* Task brief: All that is wanted is the line with "Se stojany Gravity" and each line after it to the end of the data below, set down exactly and without pictures.

(Stored items)
- - - - -
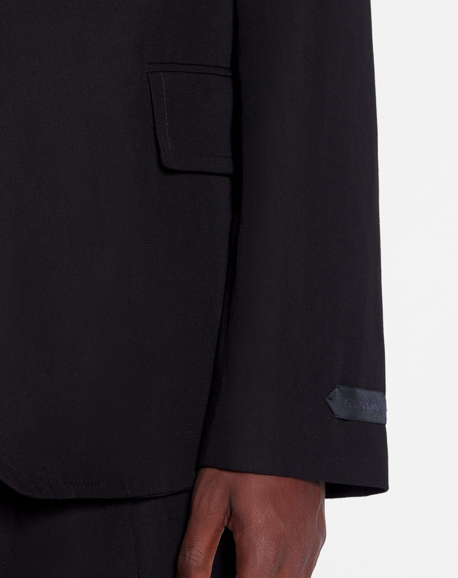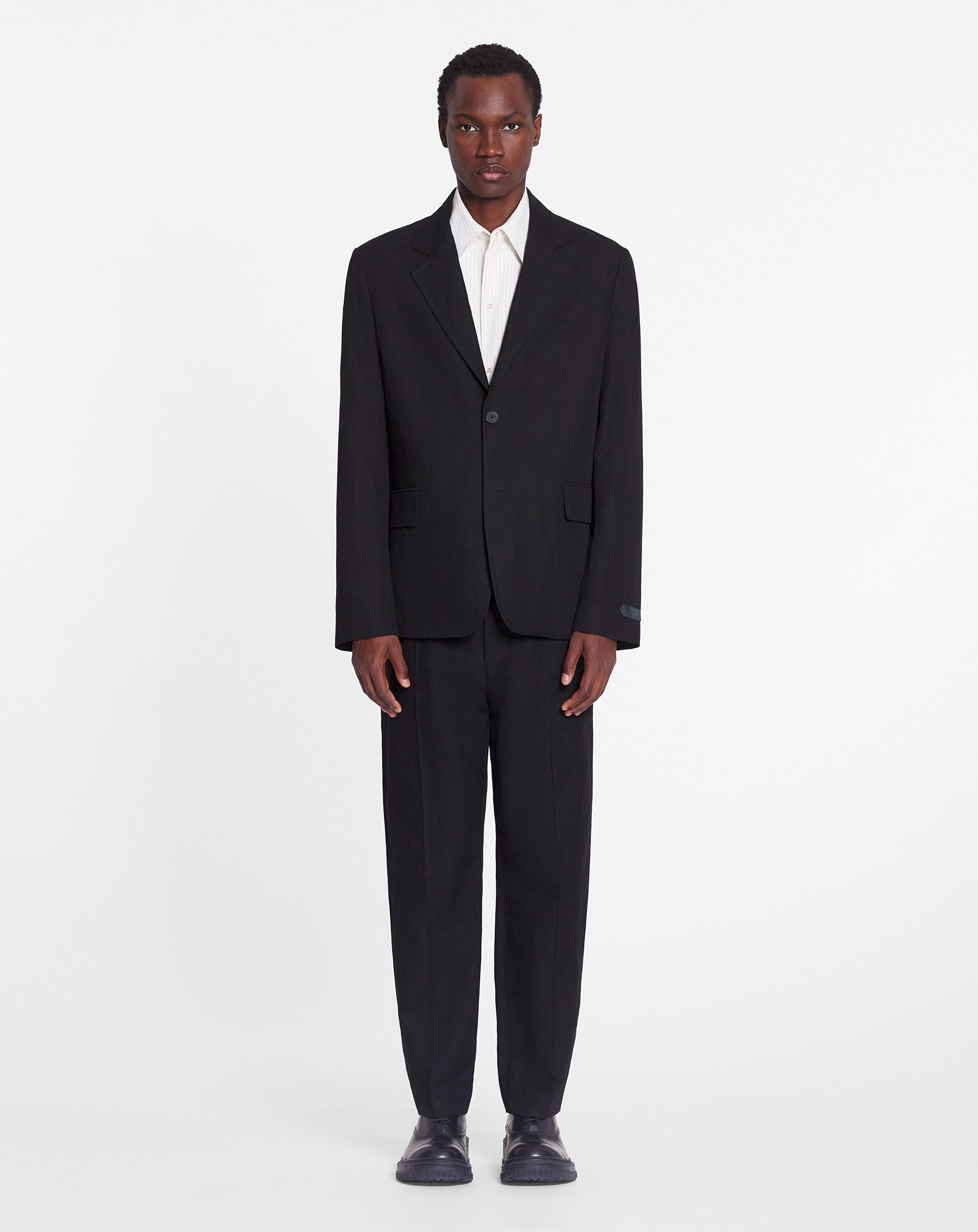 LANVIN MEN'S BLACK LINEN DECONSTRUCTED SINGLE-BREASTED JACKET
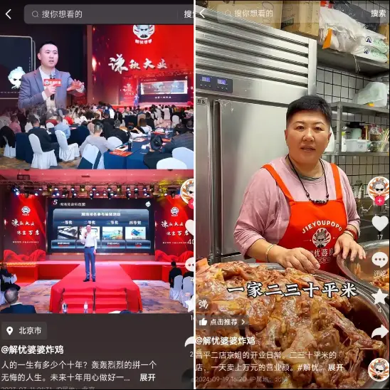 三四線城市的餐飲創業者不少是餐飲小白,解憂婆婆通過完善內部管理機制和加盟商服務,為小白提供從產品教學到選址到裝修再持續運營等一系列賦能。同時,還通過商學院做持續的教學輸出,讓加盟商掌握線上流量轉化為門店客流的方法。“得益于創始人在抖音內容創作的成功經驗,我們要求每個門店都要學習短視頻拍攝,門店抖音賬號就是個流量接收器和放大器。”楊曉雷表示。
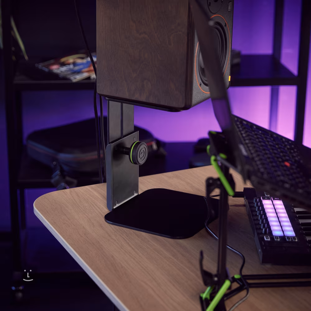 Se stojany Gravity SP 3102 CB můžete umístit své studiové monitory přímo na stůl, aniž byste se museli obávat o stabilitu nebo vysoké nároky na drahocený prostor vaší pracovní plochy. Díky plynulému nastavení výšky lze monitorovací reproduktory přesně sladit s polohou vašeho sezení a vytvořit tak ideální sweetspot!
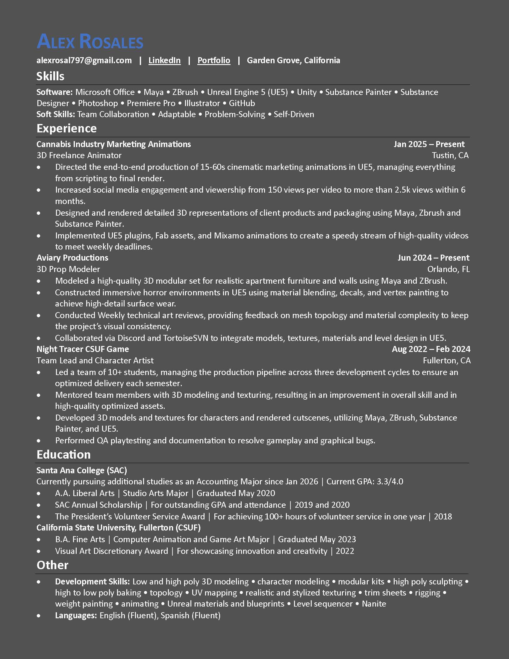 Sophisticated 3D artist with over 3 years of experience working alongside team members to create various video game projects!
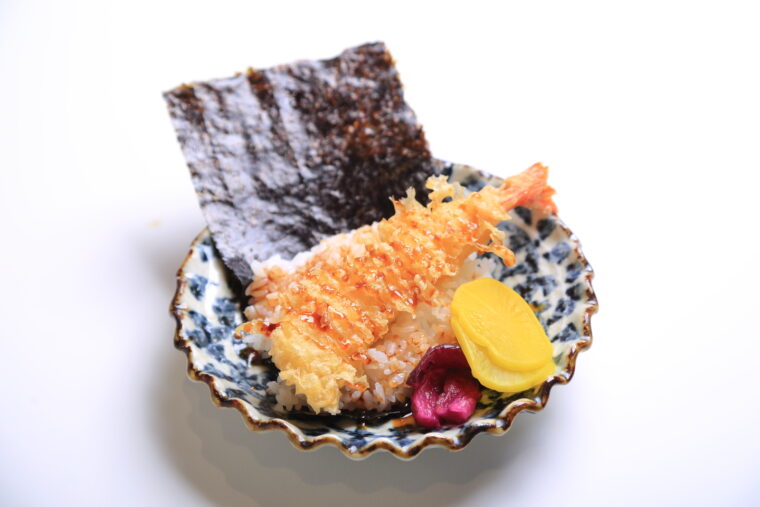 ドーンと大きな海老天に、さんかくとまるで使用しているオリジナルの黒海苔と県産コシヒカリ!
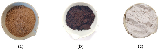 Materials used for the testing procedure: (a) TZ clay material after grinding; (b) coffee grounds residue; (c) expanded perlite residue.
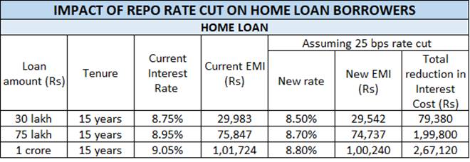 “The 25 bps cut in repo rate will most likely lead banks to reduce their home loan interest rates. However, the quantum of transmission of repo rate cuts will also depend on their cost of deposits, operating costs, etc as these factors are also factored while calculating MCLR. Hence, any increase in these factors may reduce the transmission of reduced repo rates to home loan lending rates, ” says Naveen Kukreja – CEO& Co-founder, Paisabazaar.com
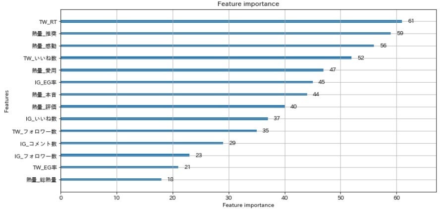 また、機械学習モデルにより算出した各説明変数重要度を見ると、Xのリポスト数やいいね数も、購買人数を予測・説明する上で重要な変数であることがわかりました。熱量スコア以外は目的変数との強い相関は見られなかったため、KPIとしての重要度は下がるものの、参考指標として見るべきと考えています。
- - - - -
* The answer:
 Se stojany Gravity SP 3102 CB můžete umístit své studiové monitory přímo na stůl, aniž byste se museli obávat o stabilitu nebo vysoké nároky na drahocený prostor vaší pracovní plochy. Díky plynulému nastavení výšky lze monitorovací reproduktory přesně sladit s polohou vašeho sezení a vytvořit tak ideální sweetspot!
 Sophisticated 3D artist with over 3 years of experience working alongside team members to create various video game projects!
 ドーンと大きな海老天に、さんかくとまるで使用しているオリジナルの黒海苔と県産コシヒカリ!
 Materials used for the testing procedure: (a) TZ clay material after grinding; (b) coffee grounds residue; (c) expanded perlite residue.
 “The 25 bps cut in repo rate will most likely lead banks to reduce their home loan interest rates. However, the quantum of transmission of repo rate cuts will also depend on their cost of deposits, operating costs, etc as these factors are also factored while calculating MCLR. Hence, any increase in these factors may reduce the transmission of reduced repo rates to home loan lending rates, ” says Naveen Kukreja – CEO& Co-founder, Paisabazaar.com
 また、機械学習モデルにより算出した各説明変数重要度を見ると、Xのリポスト数やいいね数も、購買人数を予測・説明する上で重要な変数であることがわかりました。熱量スコア以外は目的変数との強い相関は見られなかったため、KPIとしての重要度は下がるものの、参考指標として見るべきと考えています。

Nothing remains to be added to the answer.